A: Then we can do even better with a trie (prefix
tree) intersection. Instead of storing the numbers
in a flat sorted list, store them in a binary trie — a tree where each
branch represents a 0 or a 1 in the binary representation. To intersect
two tries, walk them simultaneously from the root. Whenever one side has
an entirely empty subtree, you can skip the whole branch — no need to
check any of its children. This is Edward Kmett's insight: in sparse
data, you can prune vast regions of empty space.
Q: How does "galloping" fit in?
A: Galloping search (also called exponential search) helps when
one list is much smaller than the other. Instead of advancing one
element at a time, you jump ahead by doubling steps — 1, 2, 4, 8, 16...
— until you overshoot, then binary search
back. This gets you O(m log n) when m is much smaller than n, which
beats the linear merge. In our hierarchical domains, the L0 summary
bits serve the same purpose: a zero summary bit lets us skip 64 or
even 4096 elements at once.
Key Concepts
| Concept | Meaning | Our Project |
|---|---|---|
| Merge intersection | Two sorted streams, O(n+m) | Sorted domain iteration |
| Binary trie | Prefix tree on bits | Hierarchical domain structure |
| W=2 trie | Two-child branching | Our L0/L1/L2 hierarchy |
| Galloping search | Skip ahead in sparse regions | Summary-bit skipping |
The key insight from this table is that our domain hierarchy is not just a storage format -- it is an algorithmic strategy.
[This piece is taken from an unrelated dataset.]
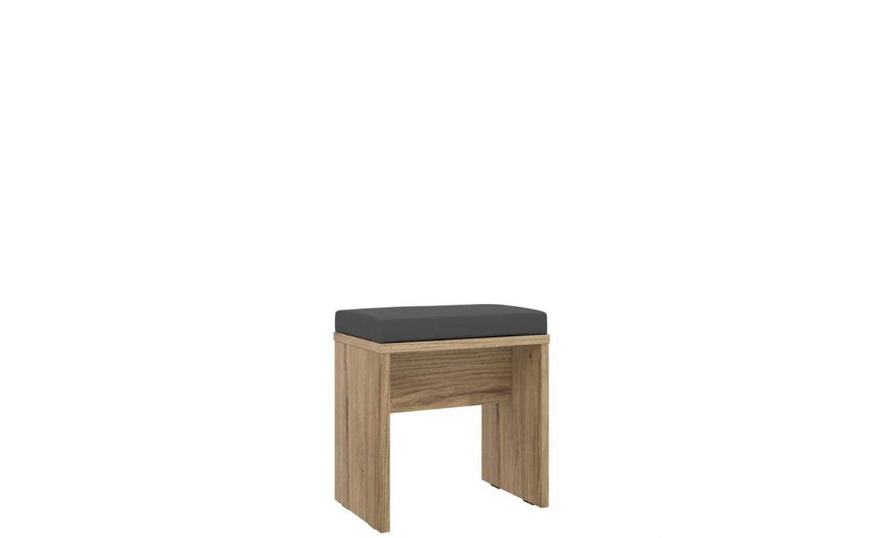 Meble Dalate utrzymane są w prostej, geometrycznej formie, zaprojektowanej z myślą o miłośnikach nowoczesnych wnętrz. Tkanina zastosowana na zagłowiu łóżka oraz siedzisku stołka toaletki jest miękka i przyjemna w dotyku. Proste, ciemne uchwyty idealnie pasują do stylistyki mebli, a czarne listwy nadają kolekcji oryginalny charakter.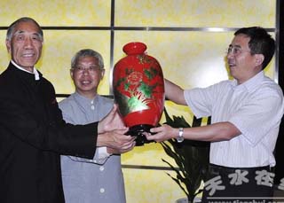 視察結(jié)束后,武山縣委、縣政府舉行了歡迎宴會(huì),縣長(zhǎng)索鴻賓主持宴會(huì),縣委書記張建杰致了歡迎辭。張建杰說,武山是國(guó)家級(jí)蔬菜標(biāo)準(zhǔn)化示范縣、全國(guó)綠色農(nóng)業(yè)示范縣、全國(guó)科技進(jìn)步縣、“中國(guó)韭菜之鄉(xiāng)”、“甘肅書畫藝術(shù)之鄉(xiāng)”,素有“玉器之鄉(xiāng)”的稱譽(yù)。近年來,縣委、縣政府搶抓發(fā)展機(jī)遇,開拓進(jìn)取、奮力拼搏,強(qiáng)力推進(jìn)武山跨越式科學(xué)發(fā)展,全縣經(jīng)濟(jì)綜合實(shí)力顯著增強(qiáng),國(guó)民生產(chǎn)總值等主要經(jīng)濟(jì)指標(biāo)連續(xù)五年保持兩位數(shù)增長(zhǎng),成為全縣經(jīng)濟(jì)社會(huì)發(fā)展最快、城鄉(xiāng)面貌變化最大、民生問題解決最好的時(shí)期。特別是在今年以來,大力實(shí)施“11253”區(qū)域發(fā)展戰(zhàn)略,成功舉辦了全省蔬菜生產(chǎn)武山現(xiàn)場(chǎng)會(huì)、中國(guó)天水·武山蔬菜博覽會(huì)、水簾洞拉梢寺世界摩崖大佛祈福游活動(dòng)、著名秦腔表演藝術(shù)家孫存蝶武山專場(chǎng)演出等活動(dòng),進(jìn)一步加強(qiáng)了對(duì)外合作交流,提高了武山的知名度。張建杰希望各位老領(lǐng)導(dǎo)常來武山走一走、看一看,一如既往地關(guān)心和支持武山的發(fā)展。張建杰表示,武山縣委、縣政府將以此視察為契機(jī),進(jìn)一步搶抓機(jī)遇,完善思路,強(qiáng)化措施,狠抓落實(shí),努力推動(dòng)全縣經(jīng)濟(jì)社會(huì)跨越式科學(xué)發(fā)展。

The L0/L1/L2 structure is a W=2 binary trie (branching factor 64 at each level), and the summary bits at each level serve the same purpose as galloping search: they let us skip large regions of empty space in constant time. When domains are sparse (most values have been eliminated by constraints), this structured skipping turns what would be a linear scan into something dramatically faster.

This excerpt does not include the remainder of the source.